> **WHAT THE EXERCISE ASKS**:
Exact retyping of the data: please keep every word and drop each picture.

> **Extracted records**:
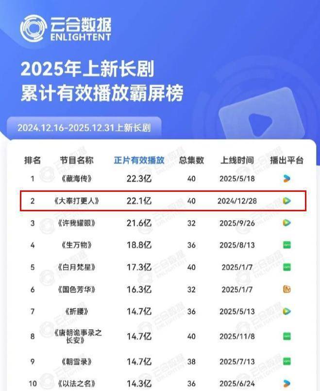 《大奉击柝东说念主》大结局后,不少网友调侃王鹤棣,毕竟该剧收获未达理念念。但它果真毫无亮眼之处吗?近日,官方发布的2025年上新长剧积攒灵验播放霸屏榜中,共有20部电视剧入选。
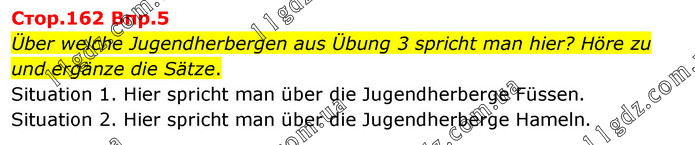 Cтоp.162 Bпp.5 Über welche Jugendherbergen aus Übung 3 spricht man hier? Höre zu und ergänze die Sätze. Situation 1. Hier spricht man über die Jugendherberge Füssen. Situation 2. Hier spricht man über die Jugendherberge Hameln.
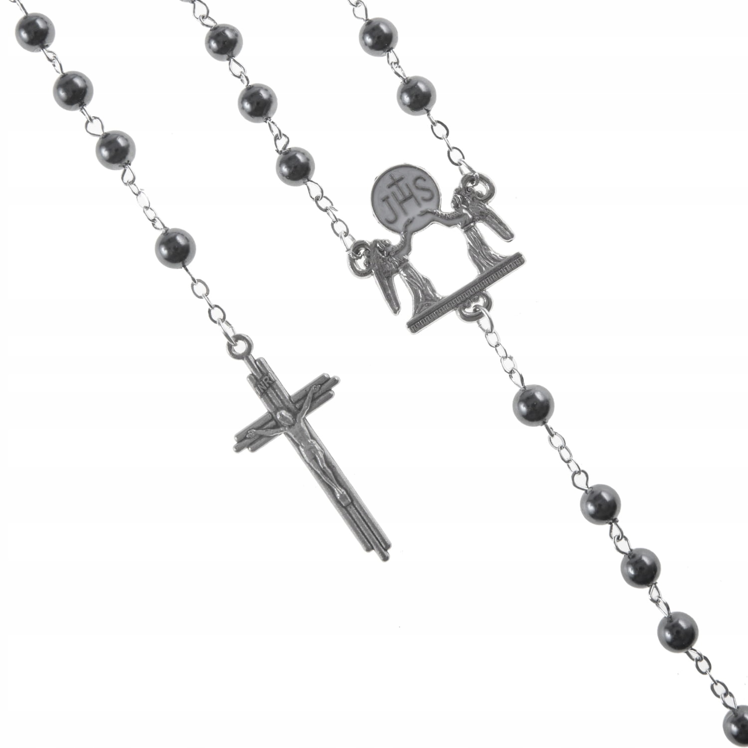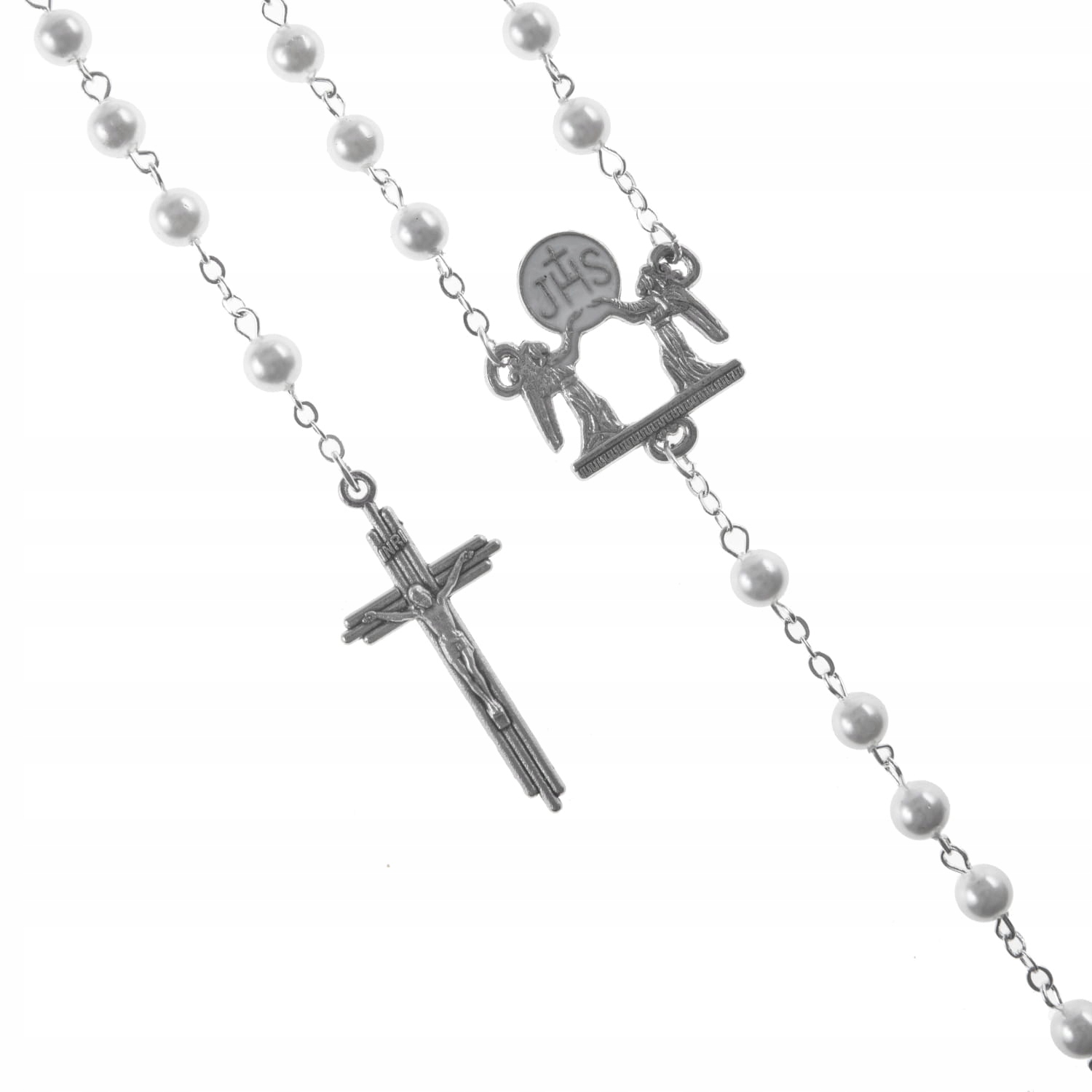 Элегантный набор, состоящий из двух четок и декоративно-декоративной упаковки. Круглые бусины из жемчуга соединены прочной булавкой. Соединитель включает в себя Хост, который является одним из важнейших евхаристических символов, обозначающих Тело Христово. Отдельные десятки были разделены перекрывающимися обручальными кольцами. Обручальные кольца символизируют любовь, вечность и нерасторжимость брака. Их круглая форма – метафора бесконечной любви.
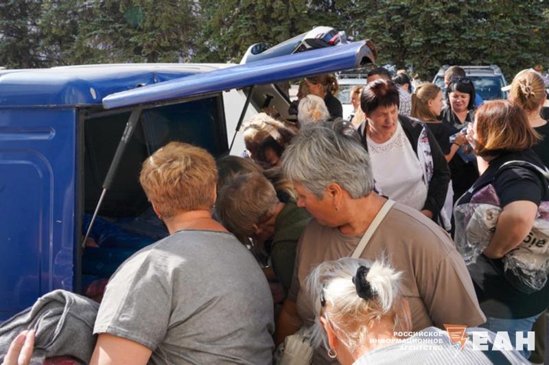 Было запланировано в течение трех дней посещение пунктов временного размещения (ПВР) беженцев. Причем первая точка была не в ПВР, а прямо на улице, на парковке у драмтеатра. Туда пришла многочисленная группа беженцев, которая разместилась в центральном районе города. Преимущественно это были люди из ныне оккупированного города Суджи и Суджанского района, а также из села Коренева и Кореневского района. Беженцы прямо из машин, как из автолавок, брали необходимые вещи, здесь же примеряли одежду. Волонтеры привезли теплые осенние и зимние вещи, а также средства гигиены, бытовую технику, детские принадлежности и обувь. Людям нужно всё, поскольку многие были вынуждены бежать из дома в чем были - в шортах, халатах и тапочках. Из имущества у них ничего нет, даже детские фотографии забрать не успели.
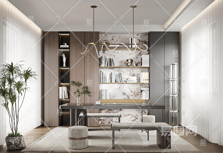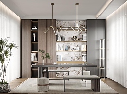 现代书房3D模型下载
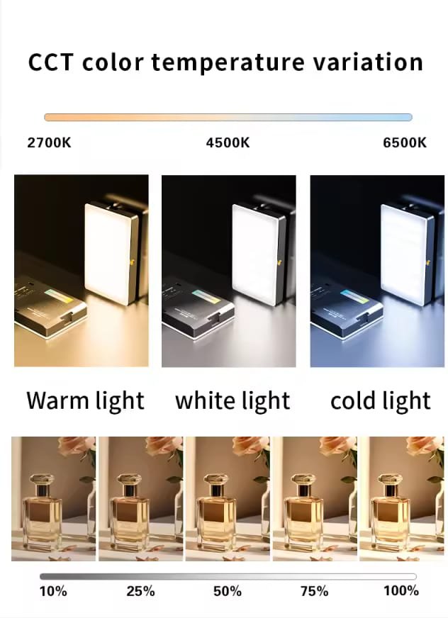 - Brillo y temperatura ajustables: 10 niveles de brillo y un rango de temperatura de color de 2700K a 6500 K.
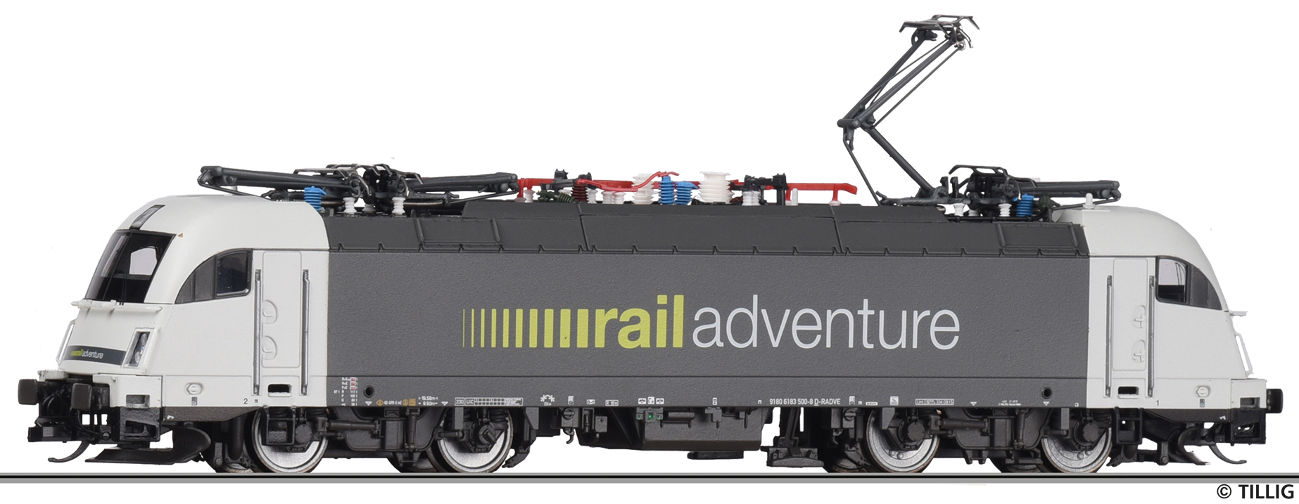 | elektrická lokomotiva v barevném schematu „RailAdventure“ |

> **REPLY**:
 《大奉击柝东说念主》大结局后,不少网友调侃王鹤棣,毕竟该剧收获未达理念念。但它果真毫无亮眼之处吗?近日,官方发布的2025年上新长剧积攒灵验播放霸屏榜中,共有20部电视剧入选。
 Cтоp.162 Bпp.5 Über welche Jugendherbergen aus Übung 3 spricht man hier? Höre zu und ergänze die Sätze. Situation 1. Hier spricht man über die Jugendherberge Füssen. Situation 2. Hier spricht man über die Jugendherberge Hameln.
 Элегантный набор, состоящий из двух четок и декоративно-декоративной упаковки. Круглые бусины из жемчуга соединены прочной булавкой. Соединитель включает в себя Хост, который является одним из важнейших евхаристических символов, обозначающих Тело Христово. Отдельные десятки были разделены перекрывающимися обручальными кольцами. Обручальные кольца символизируют любовь, вечность и нерасторжимость брака. Их круглая форма – метафора бесконечной любви.
 Было запланировано в течение трех дней посещение пунктов временного размещения (ПВР) беженцев. Причем первая точка была не в ПВР, а прямо на улице, на парковке у драмтеатра. Туда пришла многочисленная группа беженцев, которая разместилась в центральном районе города. Преимущественно это были люди из ныне оккупированного города Суджи и Суджанского района, а также из села Коренева и Кореневского района. Беженцы прямо из машин, как из автолавок, брали необходимые вещи, здесь же примеряли одежду. Волонтеры привезли теплые осенние и зимние вещи, а также средства гигиены, бытовую технику, детские принадлежности и обувь. Людям нужно всё, поскольку многие были вынуждены бежать из дома в чем были - в шортах, халатах и тапочках. Из имущества у них ничего нет, даже детские фотографии забрать не успели.
 现代书房3D模型下载
 - Brillo y temperatura ajustables: 10 niveles de brillo y un rango de temperatura de color de 2700K a 6500 K.
 | elektrická lokomotiva v barevném schematu „RailAdventure“ |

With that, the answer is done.